# What if Wagner or Gounod had composed AIda?



## Meyerbeer Smith (Mar 25, 2016)

The Khedive commissioned Verdi to compose _Aida_ - but he also considered Gounod and Wagner. What would _Aida_ by those two composers have been like? Discuss.


----------



## Woodduck (Mar 17, 2014)

Gounod's Aida might have been more of a love story, and we wouldn't have had to wait till we were buried alive to hear a nice romantic duet. I can also imagine the heroine singing a picturesque faux-African slave song as she makes bricks out of mud and straw. It's curious, though, that with its spectacle and ballet, Verdi's piece is already more or less a French opera - as close as he ever got to Meyerbeer.
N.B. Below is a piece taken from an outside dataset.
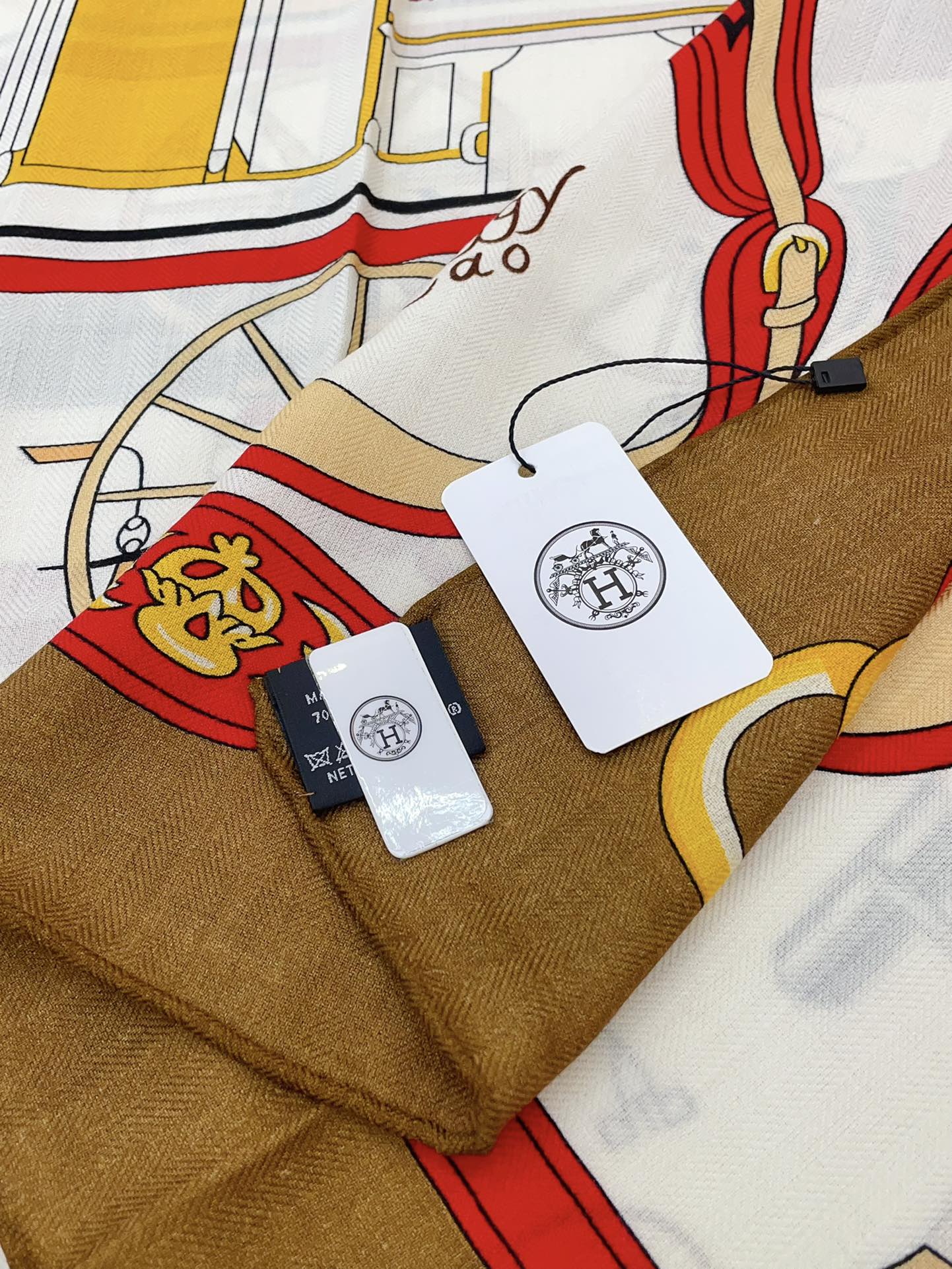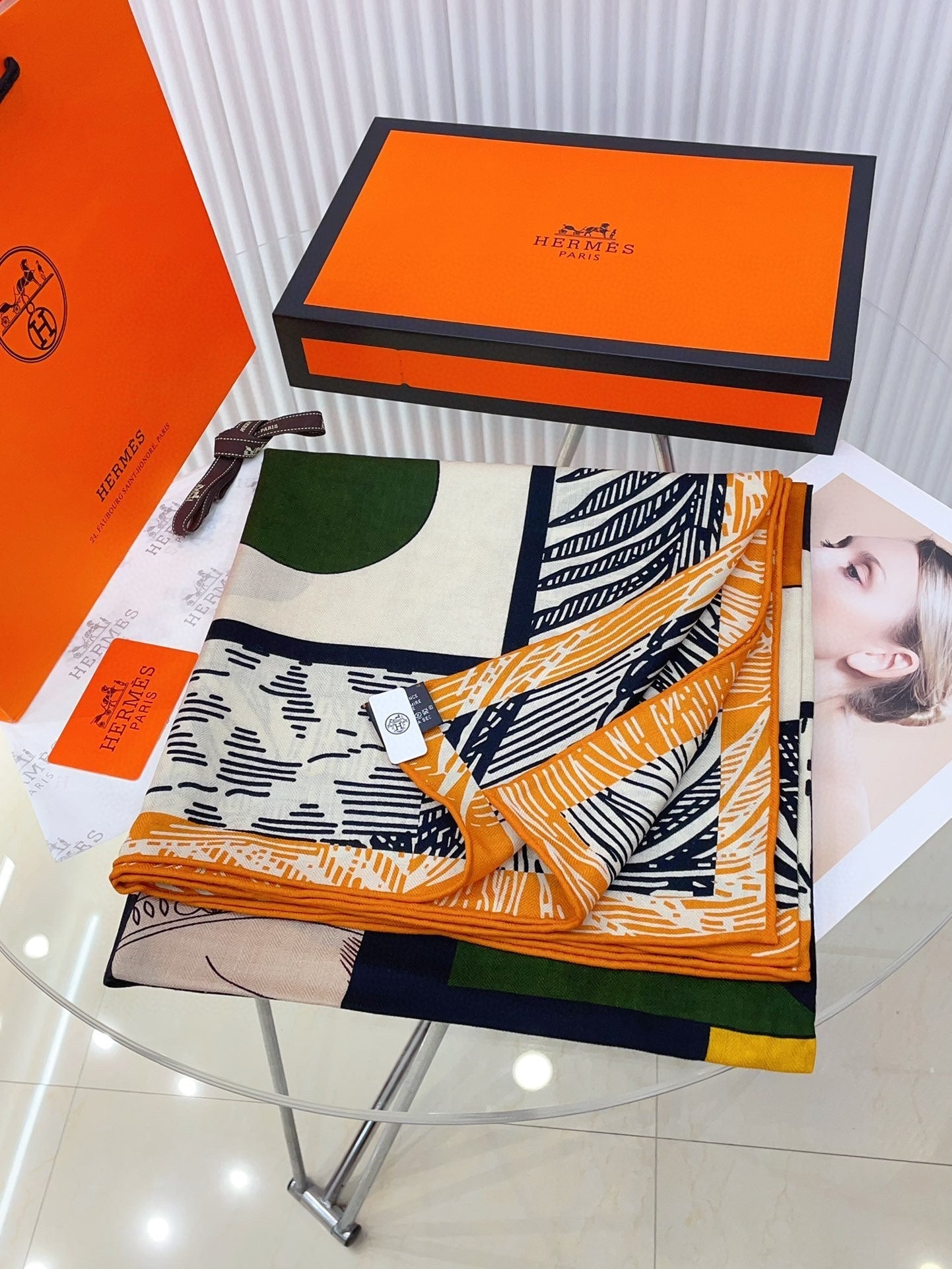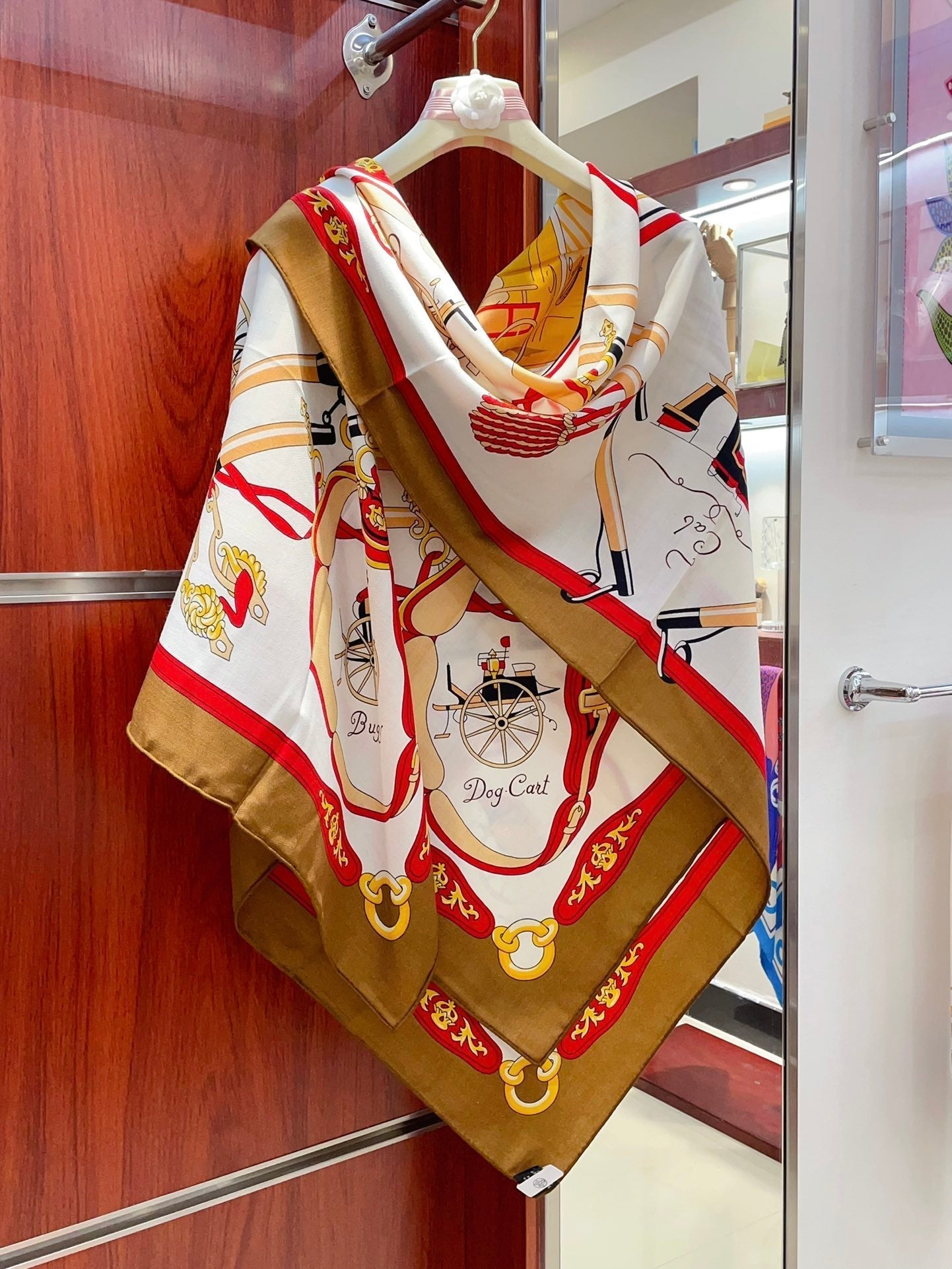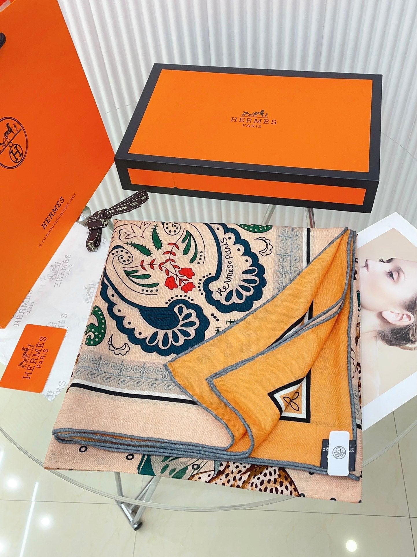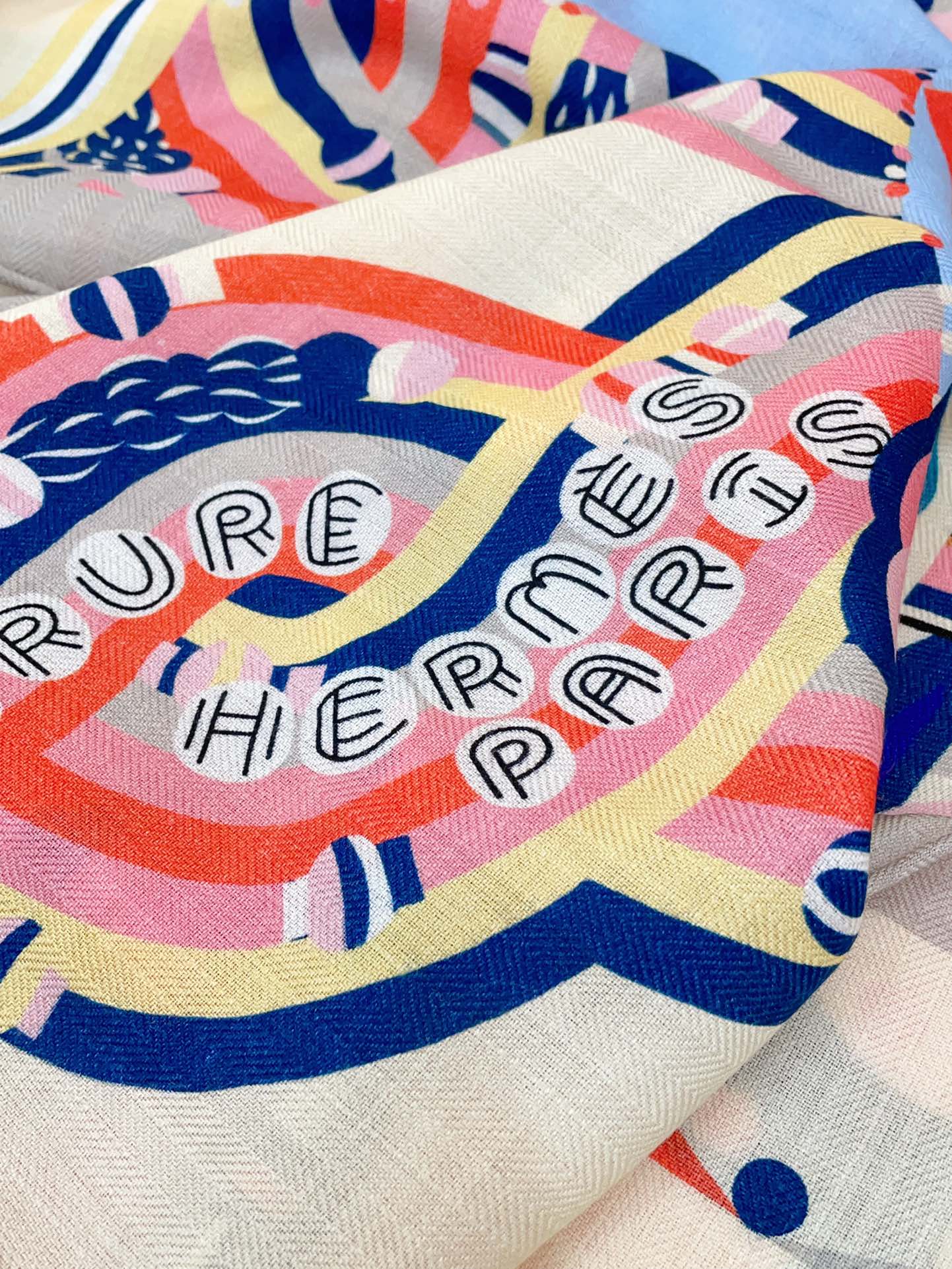 Carré Harnais De Cœur Scarf 140 CM In Orange Colorful Cashmere And Silk 335856

Wagner would have wanted nothing to do with the whole idea.


----------



## AlexD (Nov 6, 2011)

What a delightful question. 

If Wagner had gone for it, I imagine he would have could up with something a bit more gothic & ghostly. 

Maybe he'd intertwine the story with Egyptian myths & legends. So we'd probably start with Ra crossing the Nile in a boat at the beginning, and then returning in the opposite direction at the end. Probably a love story where the lovers drown as the Nile floods in the end as the gods, or celestial universe exerts its unchanging will upon humanity and the landscape. One lover is probably tied up to drown in the Nile, and the other goes to save them - but both tire, give into fate and drown singing some song about undying love whilst the uncaring god sails off into the sunset.


----------



## david johnson (Jun 25, 2007)

Wagner would put it in German.


----------